◆ How to complete this task: Transcribe nothing except the lines below that run from the one with "화이트골드에 다이아몬드를 세팅한" to the one with "President Dr. Irfaan", ends included, and do not copy any picture.

◆ Material for the task:
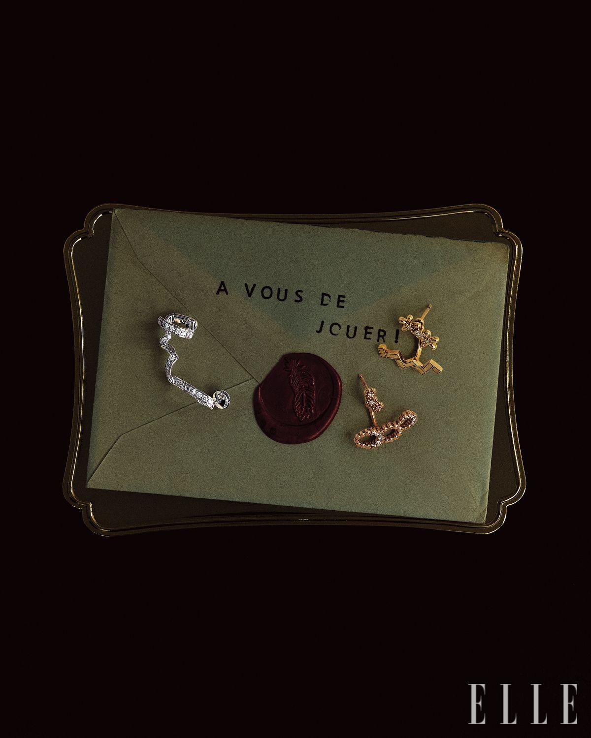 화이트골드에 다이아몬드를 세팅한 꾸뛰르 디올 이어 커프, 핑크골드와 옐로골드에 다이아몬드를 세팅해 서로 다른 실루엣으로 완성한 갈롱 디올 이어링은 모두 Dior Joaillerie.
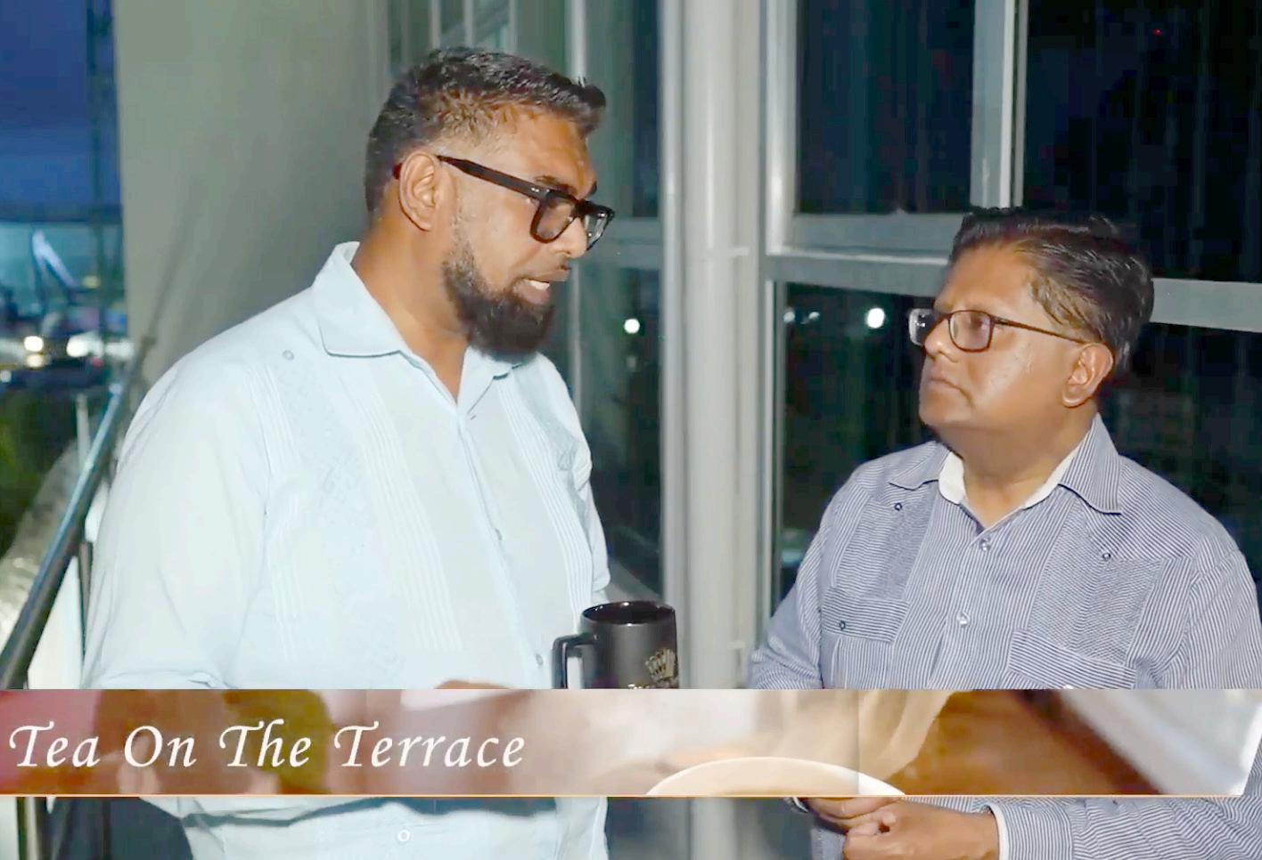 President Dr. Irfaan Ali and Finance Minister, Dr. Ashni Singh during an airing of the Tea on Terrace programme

...

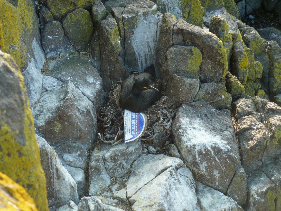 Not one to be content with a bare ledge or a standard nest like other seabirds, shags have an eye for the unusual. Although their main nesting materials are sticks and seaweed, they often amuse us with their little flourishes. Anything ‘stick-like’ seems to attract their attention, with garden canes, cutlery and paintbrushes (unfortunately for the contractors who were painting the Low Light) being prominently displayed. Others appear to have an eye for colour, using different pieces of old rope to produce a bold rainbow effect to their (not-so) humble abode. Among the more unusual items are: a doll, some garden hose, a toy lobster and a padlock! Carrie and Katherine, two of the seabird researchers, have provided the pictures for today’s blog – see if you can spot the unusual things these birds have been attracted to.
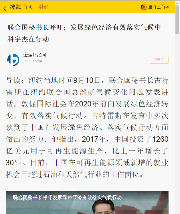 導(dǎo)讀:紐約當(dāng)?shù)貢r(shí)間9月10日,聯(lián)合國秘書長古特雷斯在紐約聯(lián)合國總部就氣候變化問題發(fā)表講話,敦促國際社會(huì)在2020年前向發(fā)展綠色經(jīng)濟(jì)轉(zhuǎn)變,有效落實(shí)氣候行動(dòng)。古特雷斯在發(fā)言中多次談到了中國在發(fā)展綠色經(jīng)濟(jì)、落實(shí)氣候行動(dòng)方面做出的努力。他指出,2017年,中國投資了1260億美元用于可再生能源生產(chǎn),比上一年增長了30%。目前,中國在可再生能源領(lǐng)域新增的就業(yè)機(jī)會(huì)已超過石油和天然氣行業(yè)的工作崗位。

◆ The completed task:
 화이트골드에 다이아몬드를 세팅한 꾸뛰르 디올 이어 커프, 핑크골드와 옐로골드에 다이아몬드를 세팅해 서로 다른 실루엣으로 완성한 갈롱 디올 이어링은 모두 Dior Joaillerie.
 President Dr. Irfaan Ali and Finance Minister, Dr. Ashni Singh during an airing of the Tea on Terrace programme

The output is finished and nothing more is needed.